The instinct most people have first is to spy on the OpenFeature client and return whatever the test needs:

jest.spyOn(OpenFeature, 'getClient').mockReturnValue({
  getBooleanValue: () => Promise.resolve(true),
} as any);

This works, but it has problems that grow over time:

The mock replaces the entire client, including hooks, context handling, and error semantics. Your test no longer exercises the real evaluation pipeline.
A refactor that changes the call (a new context attribute, a switch from getBooleanValue to getBooleanDetails) silently breaks the contract between mock and reality.
The mock has no opinion about flag keys. A typo in the production code ('chekout-redesign') will still pass any test that mocks the client wholesale.

The better pattern is to swap only the provider, and let the rest of the OpenFeature SDK run for real.

Use the InMemoryProvider

The OpenFeature SDKs ship an InMemoryProvider for exactly this. You give it a map of flag keys to values, register it as the provider, and your application code runs against the real client.

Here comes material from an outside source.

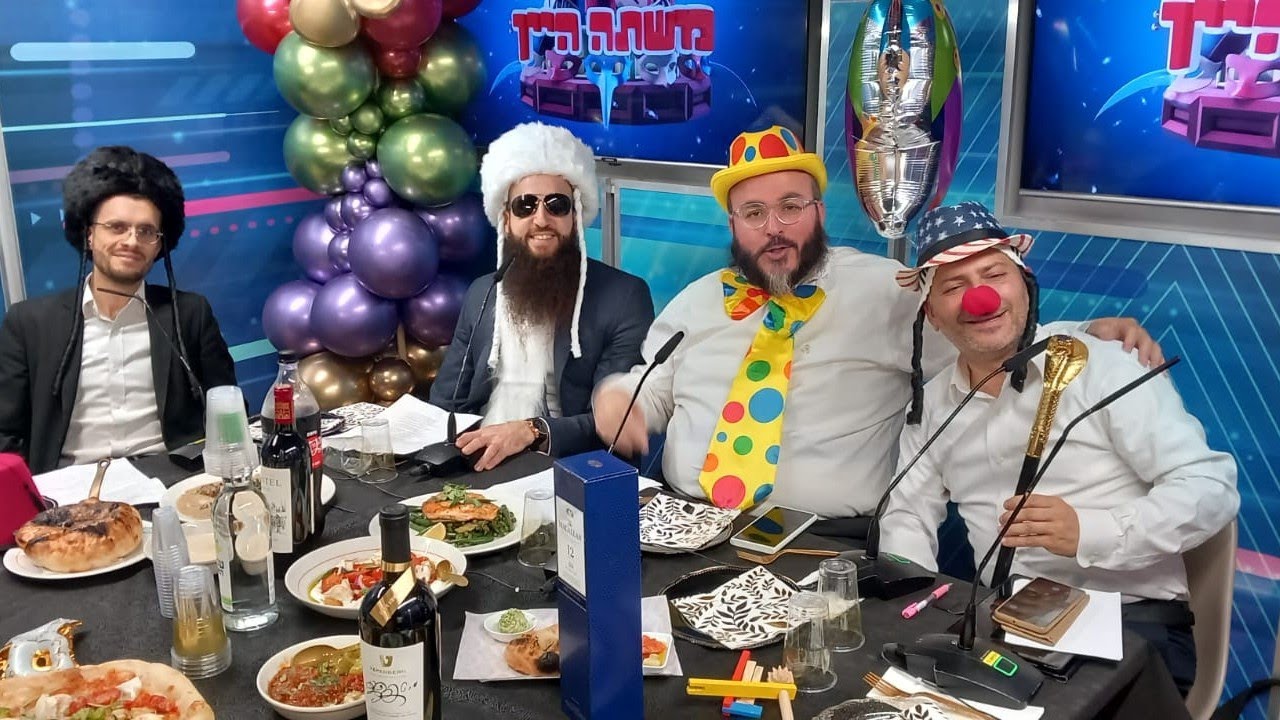 משתה היין | שר השמחה עמי מימון מארח את נבחרת הסטנדאפ החרדי כמידי שנה שר השמחה עמי מימון חוגג בתוכנית חידודון את ''משתה היין'' והפעם מארח את נבחרת הסטנדאפ החרדי: יעקב חמו, יהודה מויאל, מאור חובבה רפי אוחנה ועוד בסעודת פורים קורעת מצחוק | האזינו

import { OpenFeature, InMemoryProvider } from '@openfeature/server-sdk';

beforeEach(async () => {
  await OpenFeature.setProviderAndWait(new InMemoryProvider({
    'checkout-redesign': {
      defaultVariant: 'off',
      variants: { on: true, off: false },
      disabled: false,
    },
  }));
});

afterEach(() => OpenFeature.close());

Same idea in Python:

from openfeature import api
from openfeature.provider.in_memory_provider import InMemoryProvider, InMemoryFlag

api.set_provider(InMemoryProvider({
    'checkout-redesign': InMemoryFlag(
        default_variant='off',
        variants={'on': True, 'off': False},
    ),
}))

The application code under test does not change. It calls client.getBooleanValue('checkout-redesign', false) exactly like it does in production. Only the source of the value is different.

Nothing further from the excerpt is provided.